Getting fat on the farm--with the government's help--is something sugar farmers do well. Once again they've succeeded in fending off a reduction in a government subsidy program that costs taxpayers $3 billion a year. It's a sweet deal and a telling example of what's wrong with U.S. farm policy.

Congress needs to be practical and make some changes in the 1990 Farm Bill. Reforms are needed to cut, limit or freeze price and income supports on commodities that include cotton, rice, corn, wool and peanuts. The bill would replace the Food Security Act of 1985, which expires in September. The Senate wants to increase subsidies on many commodities. The House is proposing freezing price supports at the 1985 level, and in some cases, wants to cut them.

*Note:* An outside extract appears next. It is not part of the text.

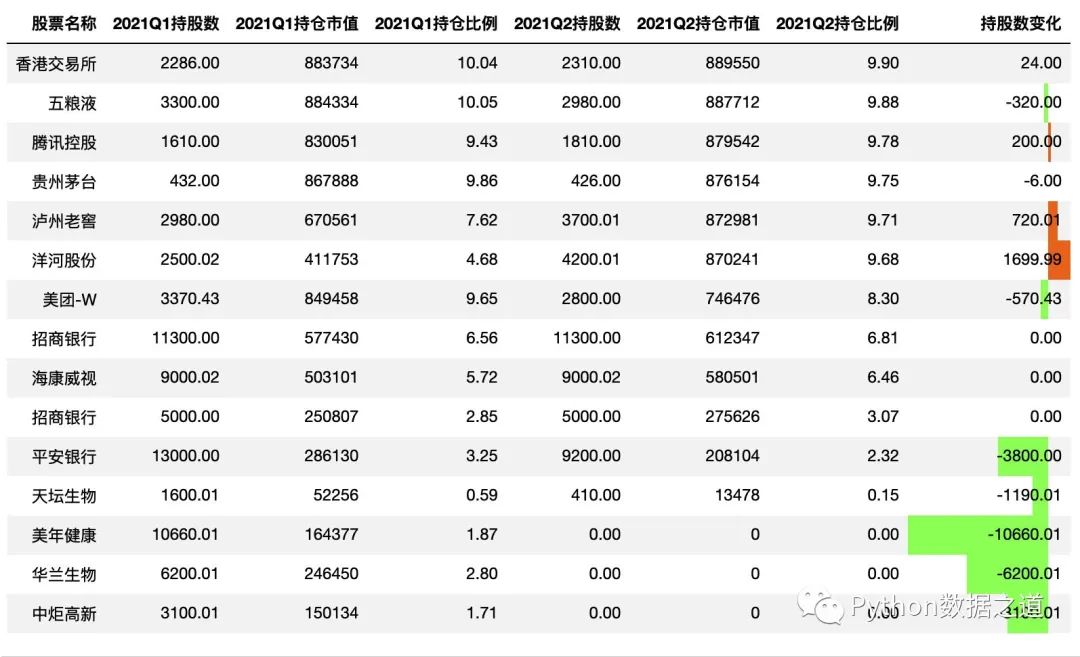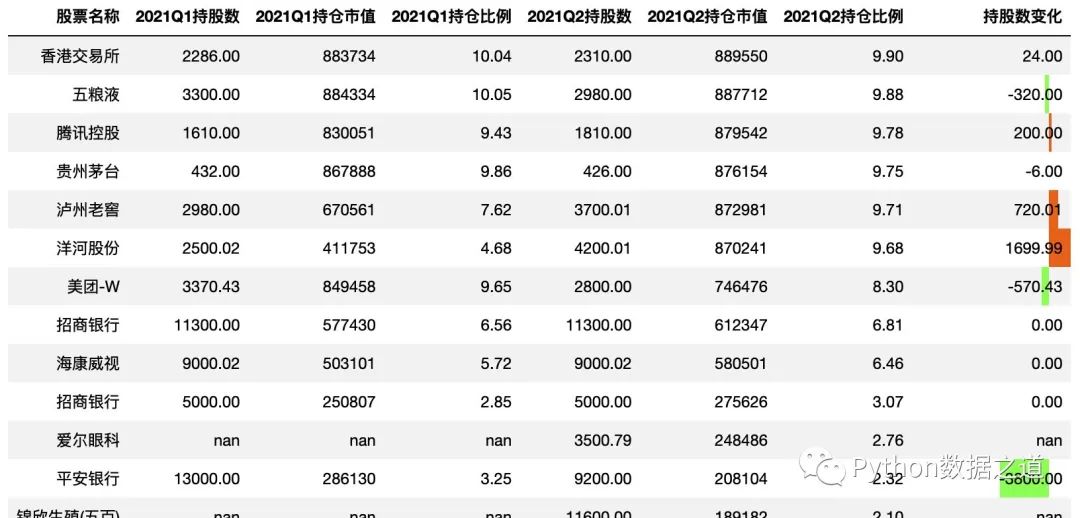 format_dict = {s1_share: '{0:.2f}', s2_share: '{0:.2f}', s1_value: '{0:.0f}', s2_value: '{0:.0f}',s1_ratio: '{0:.2f}', s2_ratio: '{0:.2f}', '持股数变化': '{0:.2f}'}df_merge.style.hide_index()\.hide_columns(['股票代码'])\.format(format_dict)\.bar(subset=['持股数变化'],color=['#99ff66','#ee7621'],align='mid')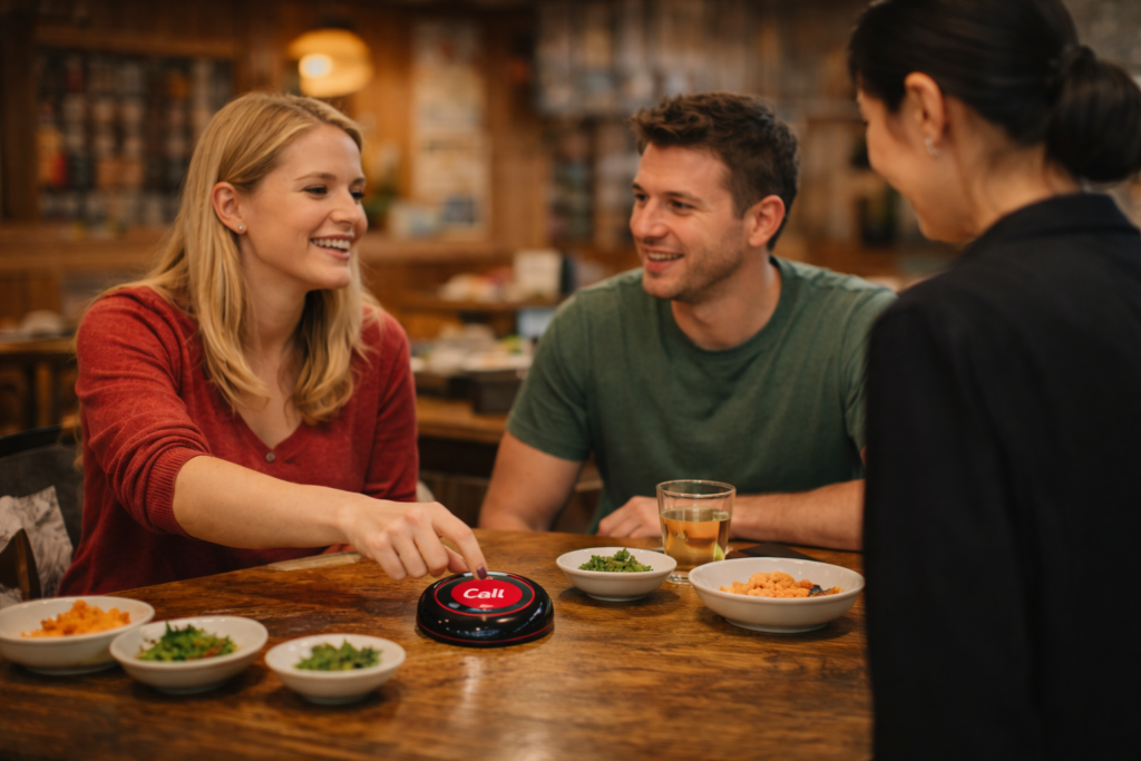 | Table bell / call bell | Casual Korean restaurants, BBQ, diners | Very fast | High when used calmly | Very easy |

The Bush Administration is balking at both versions of the proposed $54-billion bill, saying the programs are too costly given current budgetary restraints. Agriculture Secretary Clayton Yeutter has said the President would veto the legislation unless $5 billion is lopped off the Senate version.

So far, however, legislators have resisted moves to wean farmers from government subsidies. On Tuesday, the House and Senate voted down separate amendments that would have reduced the sugar subsidy by 2 cents a pound. Last week, the Senate nixed an attempt to cut back assistance to rich farmers who have annual sales of $500,000.

The House is scheduled to vote today on a similar measure to prohibit income-support payments to farmers who have an annual adjusted gross income of $100,000 a year. The proposal could save as much as $800 million annually. The House also will vote on modifying some subsidies and closing loopholes to limit payments. The amendments face tough opposition.

Advocates of change won a minor victory Tuesday when the Senate agreed to phase out honey price supports over the next four years, but that's not enough. The 1985 farm bill included major changes that helped restore U.S. farms to worldwide competitiveness. Price supports were cut about 10% on most commodity programs, except sugar.

Since then, U.S. agricultural exports have risen to more than $40 billion annually, up from about $30 billion four years ago. Farm income is at record levels. But critics maintain that, despite such progress, more farmers are dependent on government programs, and some--like sugar farmers--survive only with subsidies. In 1989, 82% of all growers of such major crops as wheat, corn and rice collected federal subsidies. Government payments as a percentage of their annual family budget rose to 31.7% in 1988 from 8.1% in 1980.

When the House and Senate meet in conference to come up with the final version of the 1990 Farm Bill, they need to help farmers become more competitive. The House version does that better.